Fifty shades of U-Net

Research in the course of a PhD thesis, by Adrien Foucart.

Poster sessions in conferences are an exercise that I generally dislike. If you've never seen one, the principle is fairly simple: you take the largest halls and corridors at your disposal in the conference center, give each researcher a one meter wide space to hang a poster, and for one hour they stay next to their poster waiting for someone to come and ask questions about it instead of going for another coffee or biscuit (or sandwich, in the particularly bad cases where the poster session happens during lunch break).

Poster session
A particularly awful looking poster session. (CC BY-SA 4.0, Wikipedia)

While I think it's generally ineficient as a way of presenting your research, it does provide an unique opportunity of getting a quick overview of "what's going on" in the field. By quickly browsing the posters, which are generally arranged somewhat thematically, you get a sense of the main trends of the domain at the time.

In April 2019, when I attended the ISBI conference, it felt like everywhere we looked we could see the same picture looking back at us:

UNet architecture
U-Net architecture, from Ronneberger et al [1].

U-Net. It was introduced in 2015 at another conference (MICCAI) and quickly became a very popular choice for medical image segmentation. The two reasons for that were that it got good results on several different challenges and datasets, and that the authors released the trained network and the source code of the model, so anyone who wanted to try it out didn't have to re-implement everything.

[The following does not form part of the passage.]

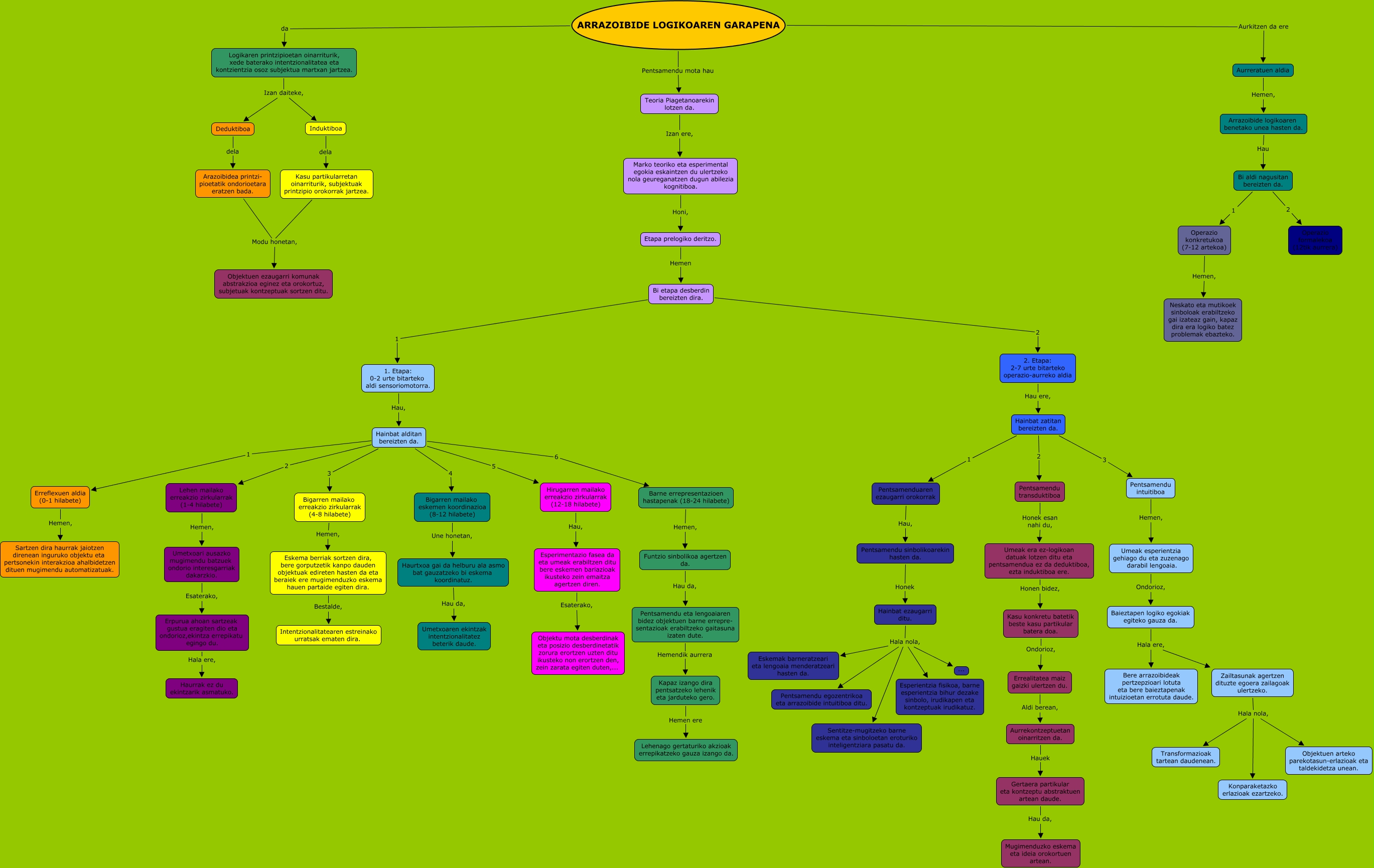This Concept Map, created with IHMC CmapTools, has information related to: 4_mapa_Mitxelena_Mujika, ARRAZOIBIDE LOGIKOAREN GARAPENA Aurkitzen da ere Aurreratuen aldia, Hainbat ezaugarri ditu. Hala nola, ..., Arrazoibide logikoaren benetako unea hasten da. Hau Bi aldi nagusitan bereizten da., Kapaz izango dira pentsatzeko lehenik eta jarduteko gero. Hemen ere Lehenago gertaturiko akzioak errepikatzeko gauza izango da., 1. Etapa: 0-2 urte bitarteko aldi sensoriomotorra. Hau, Hainbat alditan bereizten da., Kasu konkretu batetik beste kasu partikular batera doa. Ondorioz, Errealitatea maiz gaizki ulertzen du., Bi aldi nagusitan bereizten da. 2 Operazio formalekoa (12tik aurrera), Hainbat ezaugarri ditu. Hala nola, Pentsamendu egozentrikoa eta arrazoibide intuitiboa ditu., Errealitatea maiz gaizki ulertzen du. Aldi berean, Aurrekontzeptuetan oinarritzen da., Bi etapa desberdin bereizten dira. 1 1. Etapa: 0-2 urte bitarteko aldi sensoriomotorra., Hainbat ezaugarri ditu. Hala nola, Sentitze-mugitzeko barne eskema eta sinboloetan eroturiko inteligentziara pasatu da., Aurreratuen aldia Hemen, Arrazoibide logikoaren benetako unea hasten da., Baieztapen logiko egokiak egiteko gauza da. Hala ere, Bere arrazoibideak pertzepzioari lotuta eta bere baieztapenak intuizioetan errotuta daude., Umetxoari ausazko mugimendu batzuek ondorio interesgarriak dakarzkio. Esaterako, Erpurua ahoan sartzeak gustua eragiten dio eta ondorioz,ekintza errepikatu egingo du., Zailtasunak agertzen dituzte egoera zailagoak ulertzeko. Hala nola, Konparaketazko erlazioak ezartzeko., Kasu partikularretan oinarriturik, subjektuak printzipio orokorrak jartzea. Modu honetan, Objektuen ezaugarri komunak abstrakzioa eginez eta orokortuz, subjetuak kontzeptuak sortzen ditu., Hainbat alditan bereizten da. 3 Bigarren mailako erreakzio zirkularrak (4-8 hilabete), Funtzio sinbolikoa agertzen da. Hau da, Pentsamendu eta lengoaiaren bidez objektuen barne errepre- sentazioak erabiltzeko gaitasuna izaten dute., Arazoibidea printzi- pioetatik ondorioetara eratzen bada. Modu honetan, Objektuen ezaugarri komunak abstrakzioa eginez eta orokortuz, subjetuak kontzeptuak sortzen ditu., Pentsamendu transduktiboa Honek esan nahi du, Umeak era ez-logikoan datuak lotzen ditu eta pentsamendua ez da deduktiboa, ezta induktiboa ere.

By 2019, U-Net was everywhere. It quickly became the default option for medical image segmentation, along with several extensions and adaptations. From the ISBI poster session, it seemed like any segmentation problem could now be approached in the same way: get a bunch of annotations, fit a U-Net on your dataset, publish the results.

The problem of course is: what are we learning from all that? What's the point? Have we just solved segmentation and that's it?

One interaction I had during this poster session stuck with me. I was looking at a table of results on X-Ray images, which used the Dice (or F1) score as a metric. The results were very close to each other, and when I wondered if they thought it was a significant difference, they replied that even though the scores were very similar, they could see a clear difference visually on the shape of the borders of the object, which is what they were mostly interested in. Why, then, didn't they use another, more relevant metric? They apparently hadn't thought about it.

This stuck with me because it's not an isolated case. The F1/Dice score is by far the most widely used metric in segmentation problems, even for problem where we know it's not really good. Why? Because it's familiar, and if we all use the same metrics all the time it's easier to compare things together. But that means that we are now pursuing tiny improvements on metrics which aren't necessarily related to the clinical task that we are actually trying to solve.

An important feature of digital pathology tasks is that they are often difficult to quantify. Pathologists will typically integrate different observations from different images, along with clinical information about the patient, in order to produce their diagnosis. These assessment, however, are often subjective. That's part of the reason we want more computational methods to help with these tasks: to provide more objectivity. But we are now facing a very difficult problem to measure how "good" an algorithm is.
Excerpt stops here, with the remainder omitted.